Wednesday, March 31, 2010

All Will Be Well

"All will be well, and all will be well, in all manner of things all will be well."

Julian of Norwich (17th century English nun)


Dear friend Chris Pelley shared this wonderful prayer and affirmation with me at a time when I needed to hear it.

So I share it with you for whenever you might find it useful.

Do you have a favorite quote, aphorism or affirmation you’d like to share? Please do so by clicking on "post comments" below.

With love and respect,

Robert

Saturday, March 20, 2010

Sorrow and Delight


“When you are sorrowful, look again in your heart, and you shall see that in truth you are weeping for that which has been your delight.”

Khalil Gibran


Almost everyone’s favorite poet – OK, Rumi might be a candidate for that – Gibran shares a powerful truth here.

I’ve had two close friends suffer much sorrow in their lives recently--one with the death of a deeply loved wife and one with the death of a daughter-in-law. I recognize that it is so much easier to advise someone else about how to handle grief than it is to work through it myself. As I thought about and prayed for them over the recent holidays, this quote was helpful in my process.

I believe their sorrow was truly sourced in the delight with which they celebrated their relationships while on this physical plane. And isn’t that a great way to remember relationships that have changed their form through death or separation or distance?

Your thoughts, as always, are welcome -- just click on "comments" below.
With love and respect,

Robert

Wednesday, March 17, 2010

What Do You Live For?

“If you want to identify me, ask me not where I live, or what I like to eat, or how I comb my hair, but ask me what I am living for, in detail, and ask me what I think is keeping me from living fully for the thing I want to live for.”

Thomas Merton



I keep a framed copy of an essay by Oriah Mountain Dreamer in my office. It begins with some similar words and both authors express something about our longing for a more meaningful life experience.

This is a quote I recommend reading more than once. Or post it a place where you’ll have the opportunity to reflect on it daily.

What do you live for? What stops you? Share with all of us by clicking on "comments" below.

With love and respect,

Robert

Thursday, March 11, 2010

An Extraordinary Day with Archbishop Desmond Tutu

Serving on the board of the Desmond Tutu Peace Foundation has been a labor of love, frustrating, exciting, rewarding, just plain hard work, expensive (multiple trips from my home in Colorado to New York City), educational ..... so many different adjectives and experiences.

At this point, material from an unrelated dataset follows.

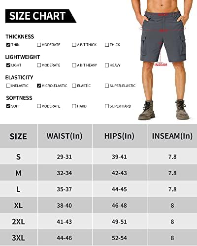 Water-resistant: The quick dry fabric with great water repellent treatment, effectively repels stains and liquids. The men hiking shorts keep you cool and dry all day, and provide a comfortable exercise environment.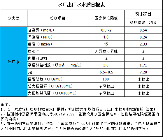 水廠出廠水水質(zhì)日報表(2025-5-27)

The vision for me is to simultaneously work to foster an environment of peace; to extend the legacy of peace building (ubuntu) modeled by the Archbishop; and to honor the memory of my friend, the late John Denver--who signed a million (?) autographs with just one word: PEACE!

On Tuesday I once again went through "the drill" of a trip to New York. This time was different from the moment I chose to attend because Archbishop Tutu and Mrs. Tutu would be present for our meeting. Packing was different. Choosing small gifts was different--I brought them copies of our books One World, One People and One World One Child. Traveling was different. My anticipation grew and grew with an almost childlike excitement.

Being with the Archbishop was a highlight in my life. He embodies peace and love just "being." From his opening prayer and acknowledgement of our work through some challenging "business" discussions about the future of the Foundation and through to a heartfelt closing of the meeting, I felt so honored to be in his presence and to be working with him in the cause of peace.

I've met three US Presidents, two Kings and an Emperor. While living in Aspen, I met countless actors, entertainers and captains of industry. Yet I've only been with a few people in my life who touched me at the heart level and enveloped me in their loving spirit. Desmond Tutu is one of them and I am so very grateful to those who have supported me in my journey to this cherished moment and memory.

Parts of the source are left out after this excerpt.